Even with a good platform, there are still challenges in creating a great chatbot in Arabic. There are a limited number of Arabic speakers in the AI world and therefore it can be challenging to get the right resources to work on the project. While it is not necessary to find resources to write the underlying NLU algorithms as these are provided out of the box, there can be a challenge in finding competent designers that can speak all the languages or dialects supported by the chatbot. It is therefore important that the chatbot platform allows the content and translations to be easily updated and maintained by non-technicals as it is likely that the designer does not speak all the supported languages.

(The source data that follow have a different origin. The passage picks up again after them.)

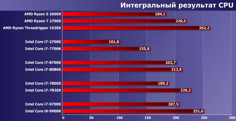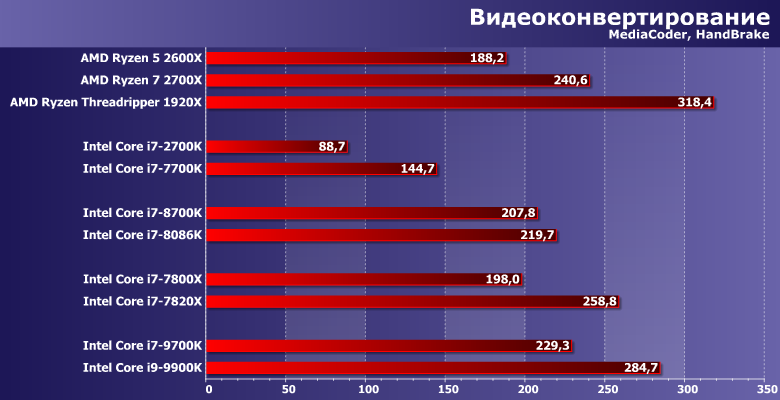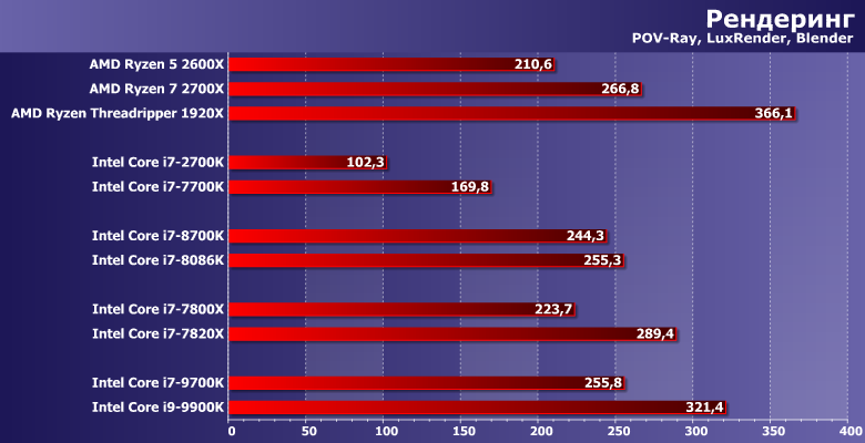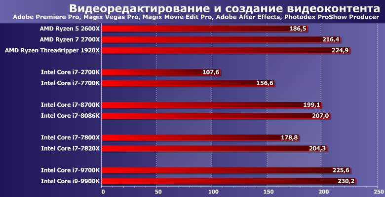 Единственная группа, где по-прежнему хорошо выглядят Skylake-X — а их преемники, наверняка, будут работать еще быстрее. Что же касается массовых платформ, то тут количество ядер все-таки в основном превалирует над качеством, а «виртуальная многопоточность» многим программам просто не нужна. В итоге с технической точки зрения имеем небольшое преимущество процессоров Intel, но с учетом цен превращающееся в очередную победу AMD. Впрочем, Core i7-9700K и в этом случае выглядит как раз неплохо — в отличие от старшего брата.
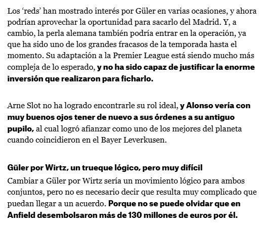 Wirtz’in Liverpool kariyerine beklenildiği başlamamasına ve Arda Güler’e ilgi duymasına rağmen 130 milyon euro’nun üzerinde bir bedel ödemiş olmasının, bu takası oldukça zor kıldığı da belirtildi. İngiliz kulübünün, Wirtz’i gözden çıkarmaya niyetli olmadığı ve takasın gerçekleşmesi halinde Real Madrid’den ekstra bir ücret talep edeceği vurgulandı.
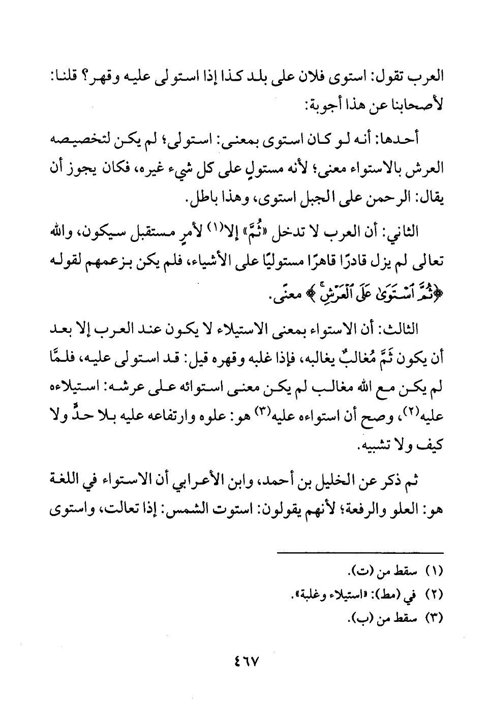 أحدها: أنه لو كان استوى بمعنى: استولى؛ لم يكن لتخصيصه العرش بالاستواء معنى؛ لأنه مستولٍ على كل شيء غيره، فكان يجوز أن يقال: الرحمن على الجبل استوى، وهذا باطل.
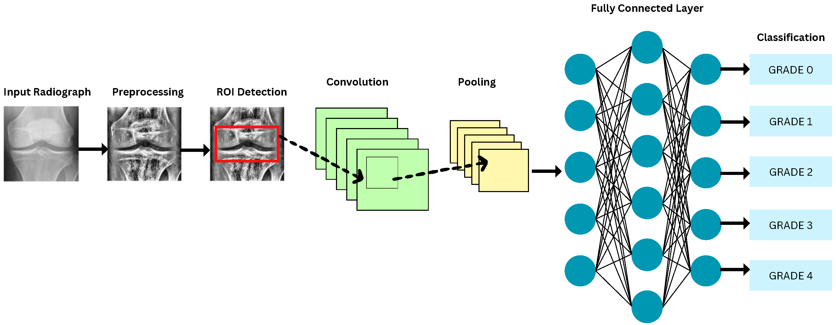 - Articles that discuss only traditional image processing and ML techniques for KOA classification.
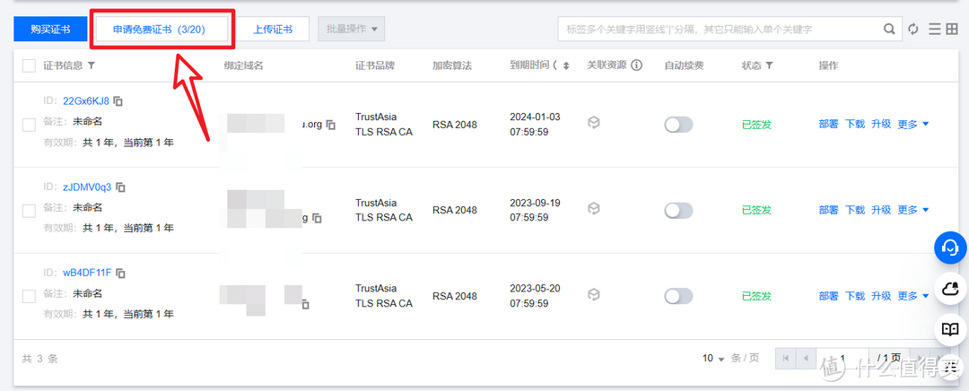 然后点击我们刚刚添加的免费域名后面的“SSL”标识。
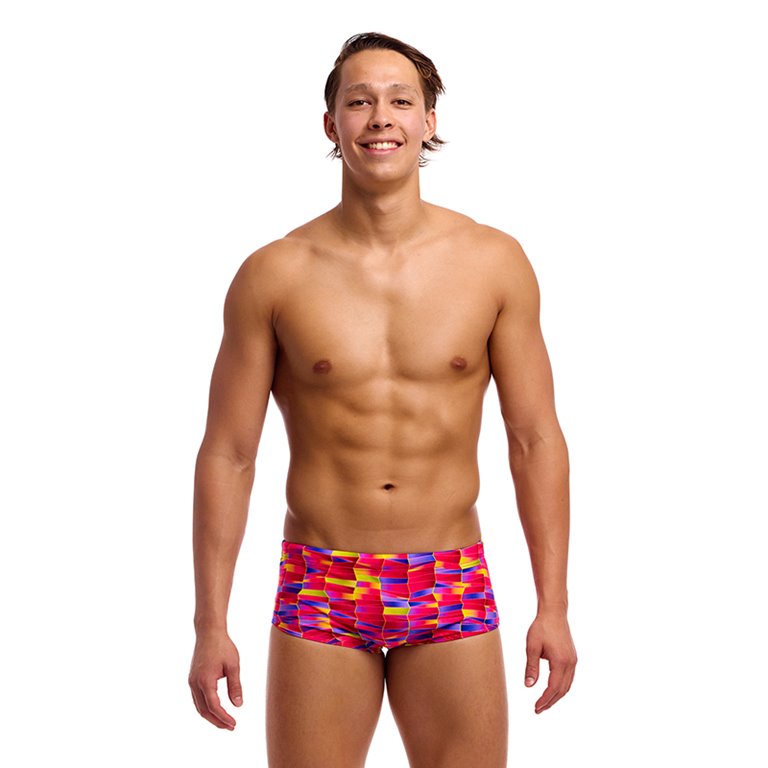 Boxer de bain pour homme FUNKY TRUNKS. Coupe 14cm et muni d'une ceinture à élastique plat, le devant est doublé. Le logo est brodé au dos. Il est fabriqué à partir d'un polyester ultra résistant au chlore. Idéal pour l'entrainement et la compétition des nageurs intensifs et réguliers.
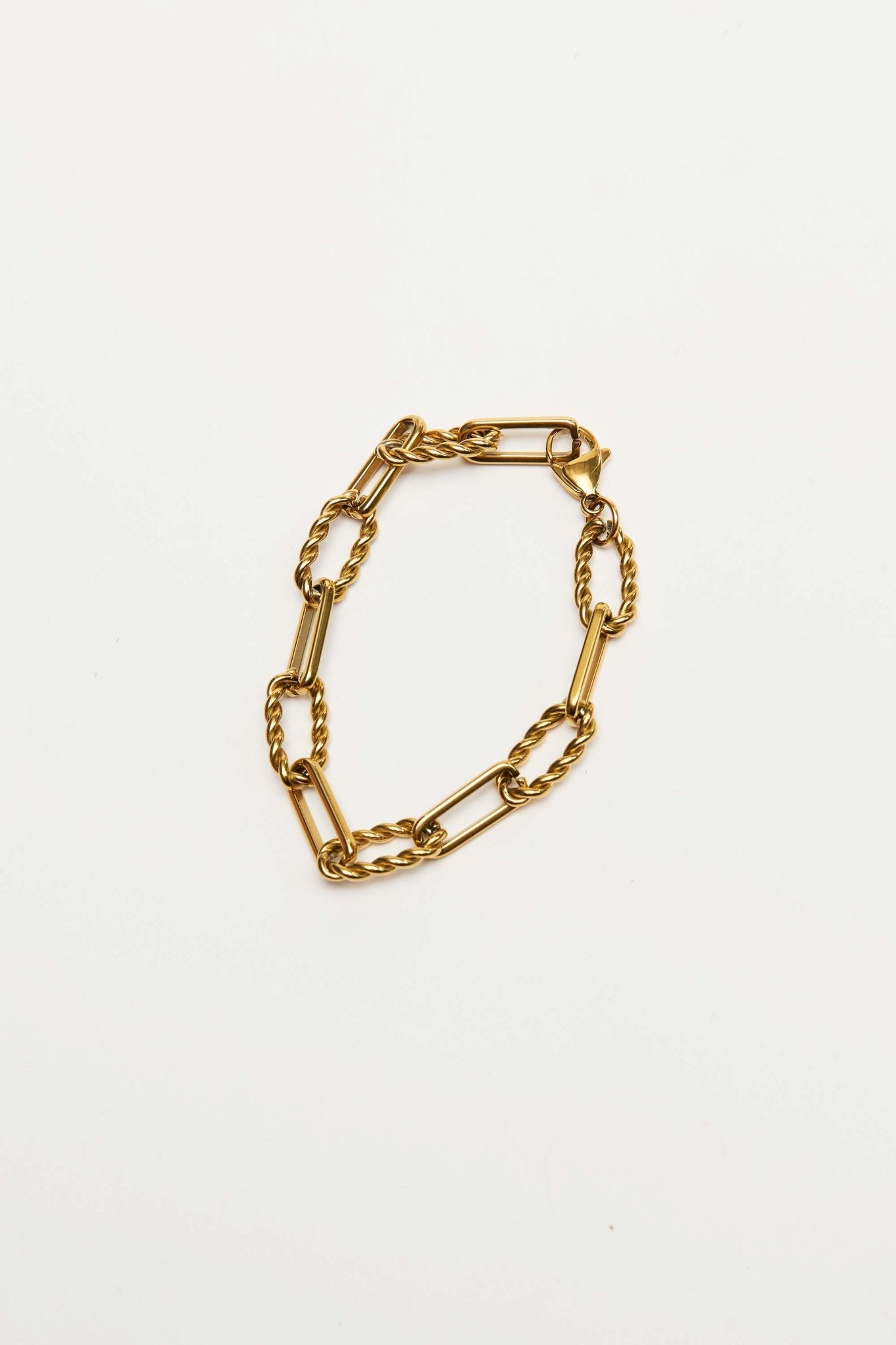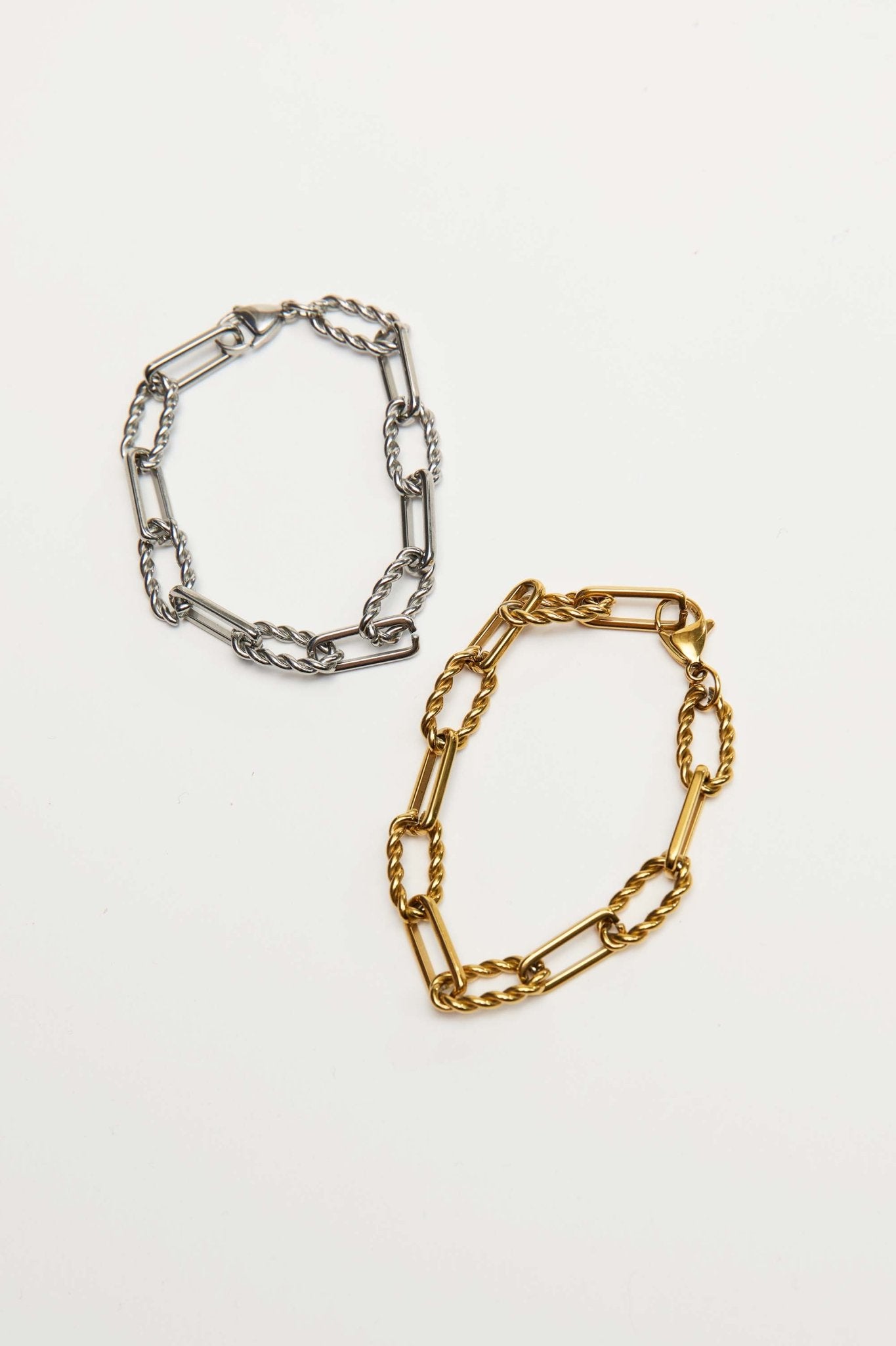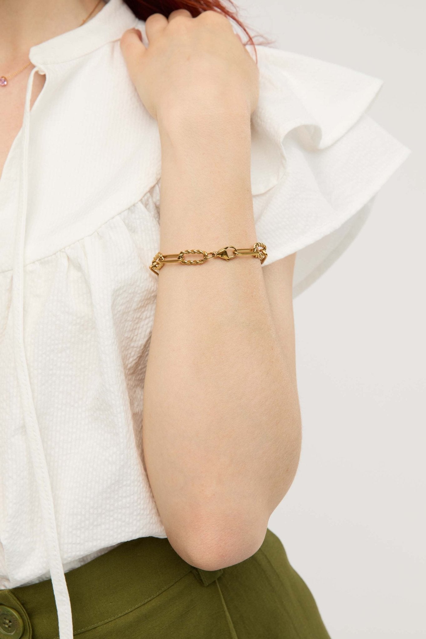 Featuring alternating twisted + smooth links in 18K gold plating.
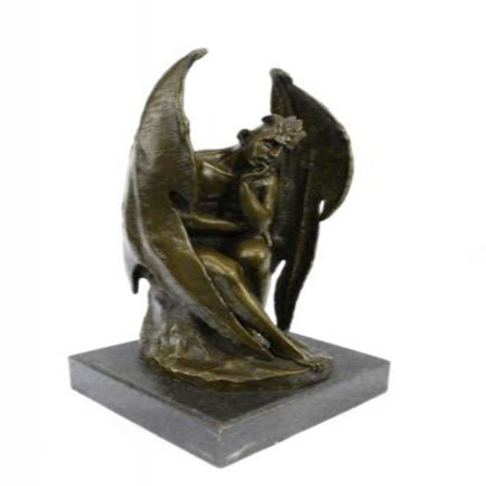 He wraps himself in his wings and holds onto a crucifix while sitting and thinking about his presence in the world. This gargoyle devil has the body of a man but the fingers and toes of a gargoyle. He has horns that grow out of his head with a Mohawk growing down the middle and his facial features are very demonic, like the devil. His wings are not like an angels but the opposite they are similar to a bats wing and have a pointy claw at the top of each wing. This gargoyle sits and thinks about his life and questions himself and everything that he has stood for. Bronze Dimensions with Marble Base: Height 15 X Width 7 Inches. Weight: 15 LBS.
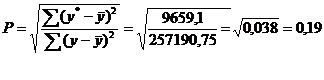 равно 029, т.е. разница между квадратом коэффициента корреляции и коэффициентом
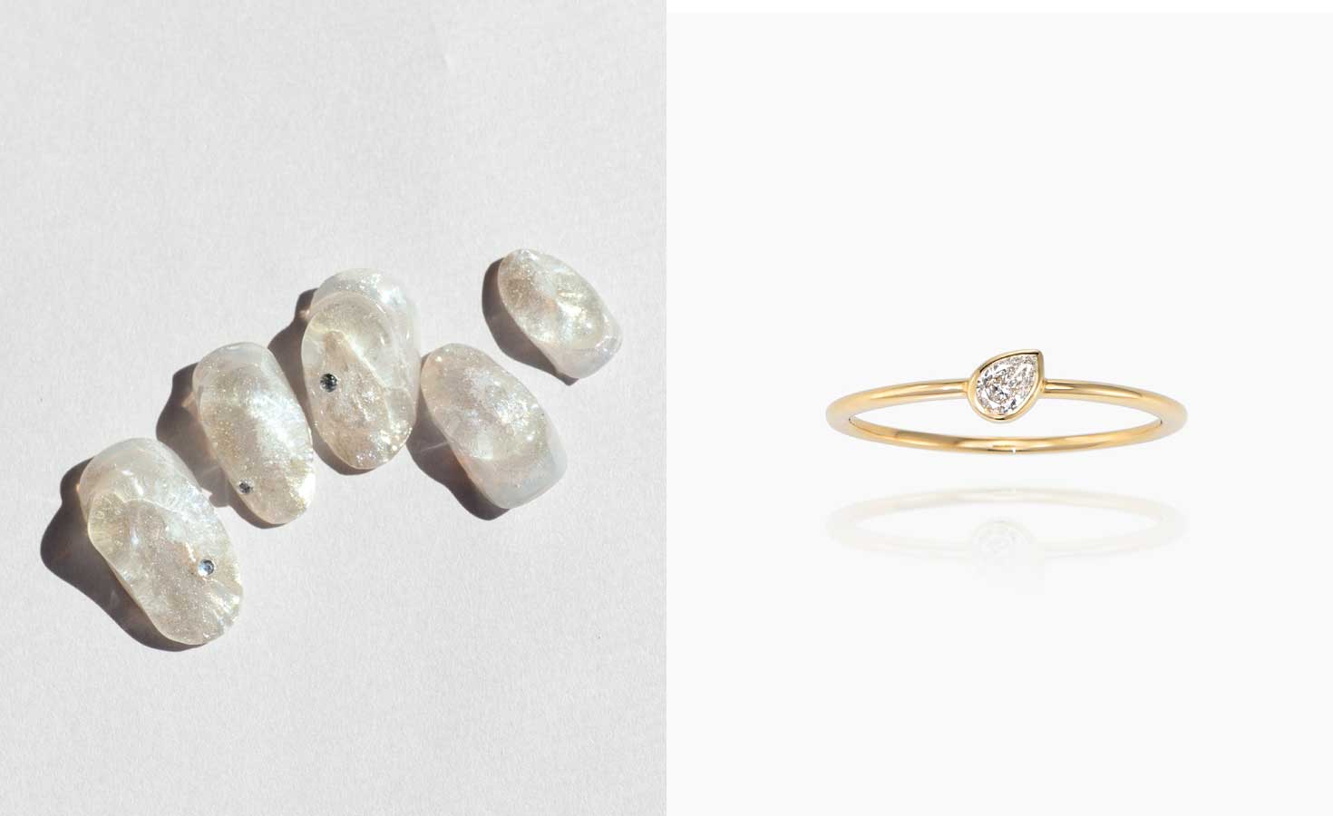 The attractive shape and color are reminiscent of a pear-shaped diamond. The appearance changes depending on the angle and the way the light hits it, making it a captivating piece for your fingertips.
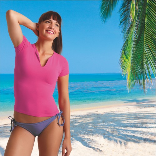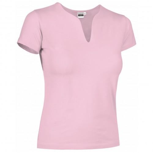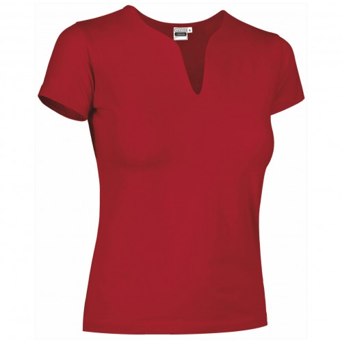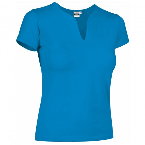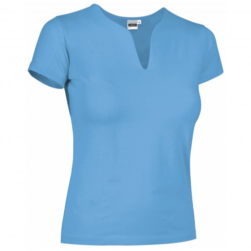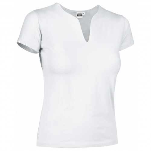 T-shirt de manga curta para mulher, corte estreito, e abertura em forma de lágrima na gola. Confecionada em tecido de malha de algodão ring spun com elastano suave, confortável e flexível. Costura dupla na bainha e mangas que aumenta a sua resistência.
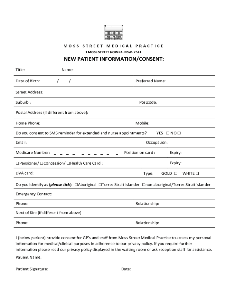 MOSS STREET MEDICAL PRACTICE 1 MOSS STREET NORA. NSW. 2541.NEW PATIENT INFORMATION/CONSENT: Title: Date of Birth:Name: //Preferred Name:Street Address: Suburb :Postcode:Postal Address (If different
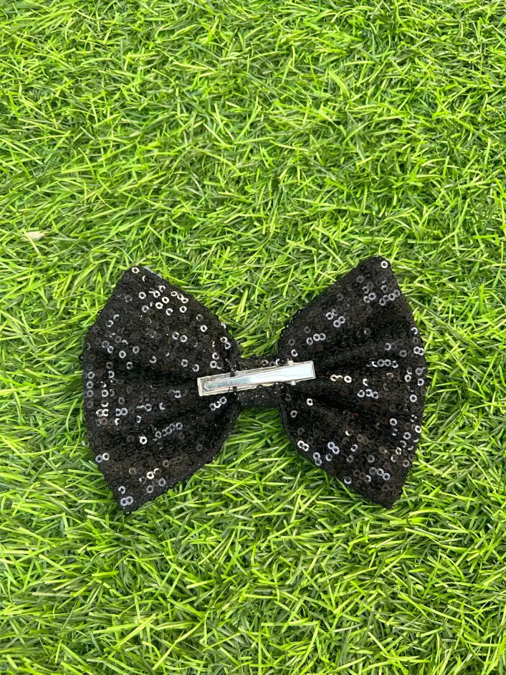 Shine bright with our Sequin Bow Clip, designed to elevate your hairstyle with a touch of glam. This stunning black bow is embellished with shimmering sequins, making it the perfect accessory for parties, evening events, or festive occasions. The secure clip backing ensures easy and comfortable wear all day or night.

Obviously the fact that high quality Arabic chatbots are now coming online means that adoption of this technology will increase. This increasing adoption will solve the problems of resource constraints and allow potential buyers of the technology to get a clear idea of what the best practice is.
The breakthroughs in NLP technology apply not only to chatbots but also to other AI applications. We are now seeing multi-faceted systems that use Arabic AI in different ways from sentiment analysis in news stories to summarizing or generating text that previously could only be done by humans. Often a chatbot is used as the user interface to not only different AI technologies but to help end users use screens of other systems, such as websites or web apps.
Of course, even though there has been a significant leap in the power of Arabic NLU, the NLU could always be better. Research continues to make the NLU engines even better and no doubt new breakthroughs will come. Until NLU reaches human levels, there will always be work to do.
The next step for all NLU engines regardless of language is to do a better job at multi-turn dialogs. This means allowing a human to have a multi-step conversation with the bot in a narrow topic domain as opposed to just issuing one off commands or questions. And the related next step for the chatbot platforms is making it easy to create multi-turn dialogs.
Multi-turn dialog is particularly important for voice interfaces such as Alexa.
While we have been discussing breakthroughs in machine learning driven tokenization and the implication for Arabic NLP, a related topic is Arabic speech to text transcription. Speech to text transcription for Arabic still lags behind other languages but we are hopeful that the progress in NLP described here will help reduce the gap in the near future.